Depuis plusieurs semaines les populations vivant dans des villages des provinces du Moyen-Ogooué et de la Ngounié font face à un phénomène pour le moins étrange. Des milliers de poissons meurent mystérieusement dans les eaux de l’Ogooué, précisément dans l’Ogooué amont, le Lac Nkoghe, l’Embouchure Ngounié et le lac Zilé.

« Ne mangez pas la carpe de Lambaréné, Makouké, Ndjolé et Mouila. Depuis deux semaines les poissons meurent seuls et montent à la surface. (…) Connaissant le côté inhumain parfois des commerçants, évité d’acheter la carpe surtout en provenance de ces lieux SVP », indique une alerte relayée à travers les réseaux sociaux.
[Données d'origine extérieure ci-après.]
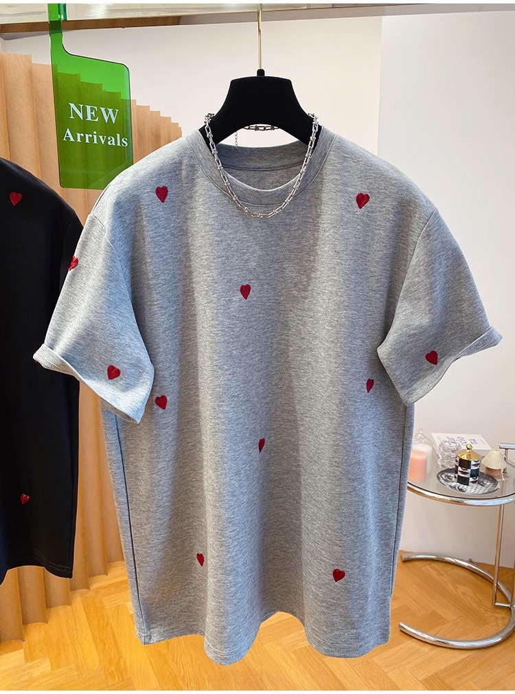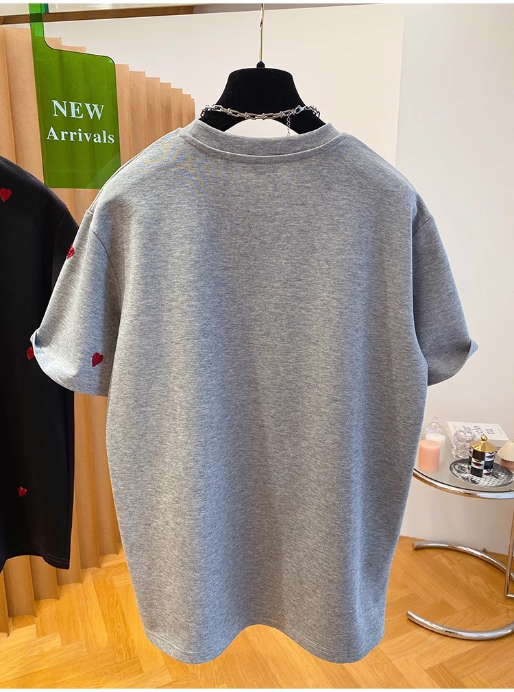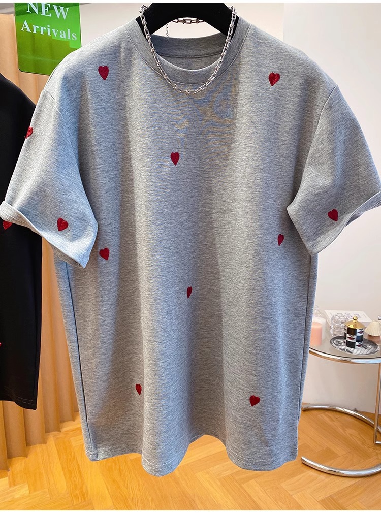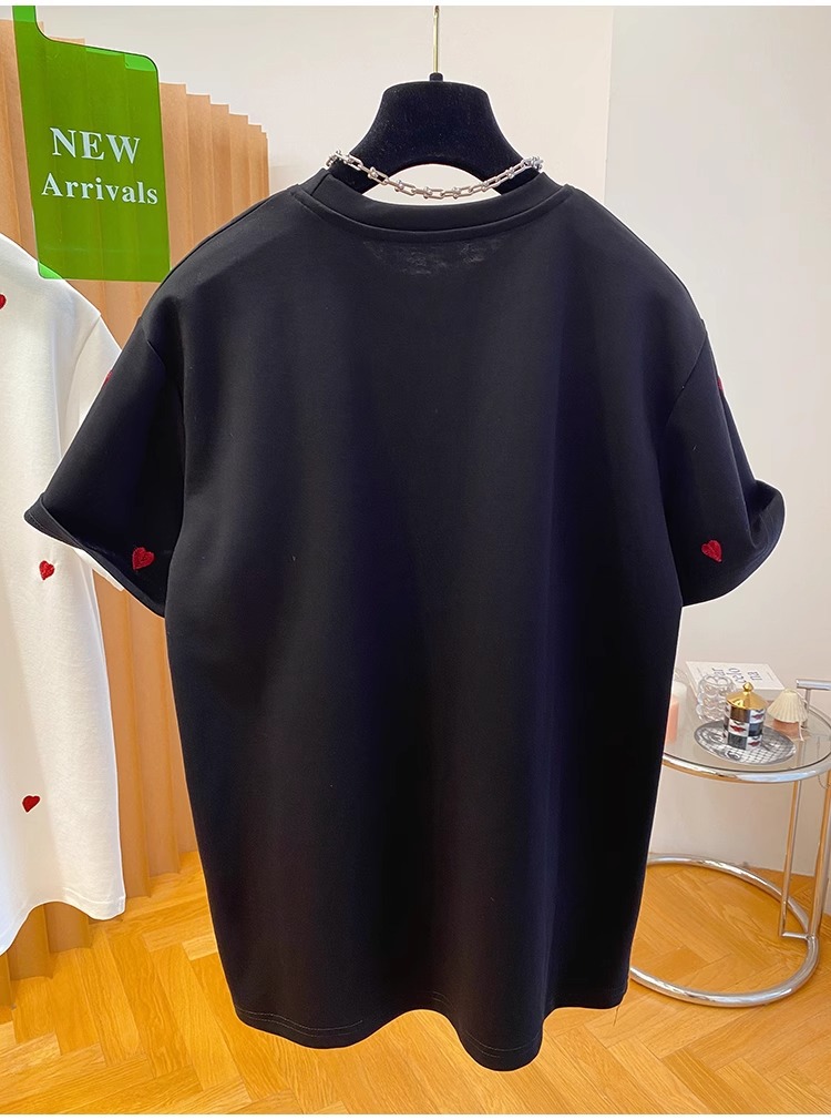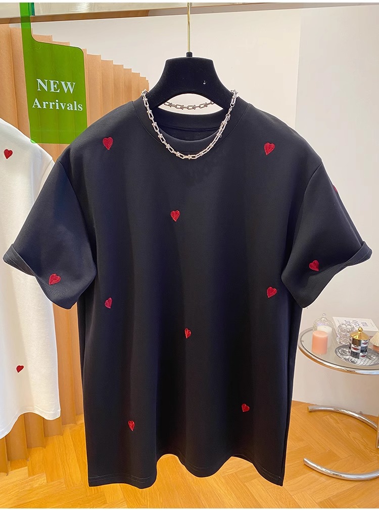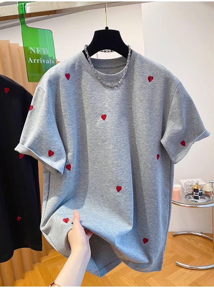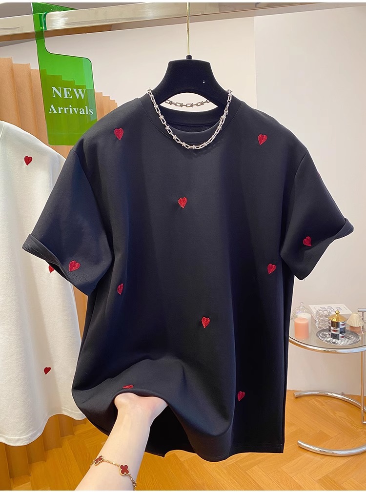 유럽 고급 사랑 자수 티셔츠 여성용 반팔 2025 새로운 느슨한 내부 순수 면베이스 셔츠 탑 봄스토어 가기

Si les autorités restent muettes sur ce phénomène, un rapport technique sur l’observation des poissons morts sur l’Ogooué, affirme que deux alertes successives ont été données les 9 et 17 juillet par les populations vivant sur les berges de l’Ogooué, en amont de Lambaréné, et celles du villages Lezinde, à l’embouchure de la Ngounié et du Lac Zilé.

Le rapport ne donne aucune précision sur les causes exactes du phénomène. Toutefois, il affirme qu’une enquête a été ouverte par la gendarmerie nautique pour tenter de déterminer, au niveau local, l’origine de la mort de ces milliers de poissons. Aucun décès n’a pas encore été enregistré dans la région, mais le danger sur les populations est certain.


Danger

« Le drame de la mort mystérieuse de centaines de poissons fait craindre l’intoxication des populations avec l’arrivée de la saison sèche et l’activité de la pêche qui rentre dans son pic à grand renfort de « pêcheurs » venus des quatre coins du Gabon et qui voient en cette mortalité une facilité de capture de la ressource », relève le rapport.
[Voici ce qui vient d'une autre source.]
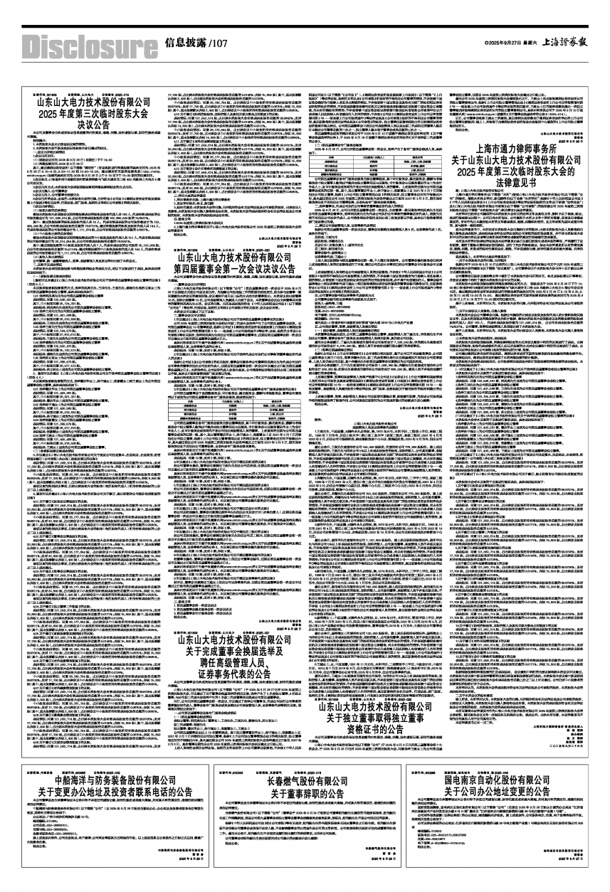 上海市通力律师事务所(以下简称“本所”)接受山东山大电力技术股份有限公司(以下简称“公司”)的委托, 指派本所孙文律师、赵伯晓律师(以下合称“本所律师”)根据《中华人民共和国公司法》《中华人民共和国证券法》《上市公司股东会规则》等法律法规和规范性文件(以下统称“法律法规”)及《山东山大电力技术股份有限公司章程》(以下简称“公司章程”)的规定就公司2025年度第三次临时股东大会(以下简称“本次股东大会”)相关事宜出具法律意见。

Par ailleurs, en attendant les conclusions de l’enquête, plusieurs hypothèses sont soulevées, à savoir, l’utilisation de produits toxiques lors de la pêche au poisson effectuée par les communautés locales ; l’exploitation minière illégale et particulièrement de l’or dénoncée par les populations des rives de l’Ogooué et de la Ngounié et le changement climatique.


En attendant que la lumière soit faite sur ce phénomène mystérieux, il revient aux autorités compétentes de prendre des mesures afin de préserver les consommateurs d’un possible danger.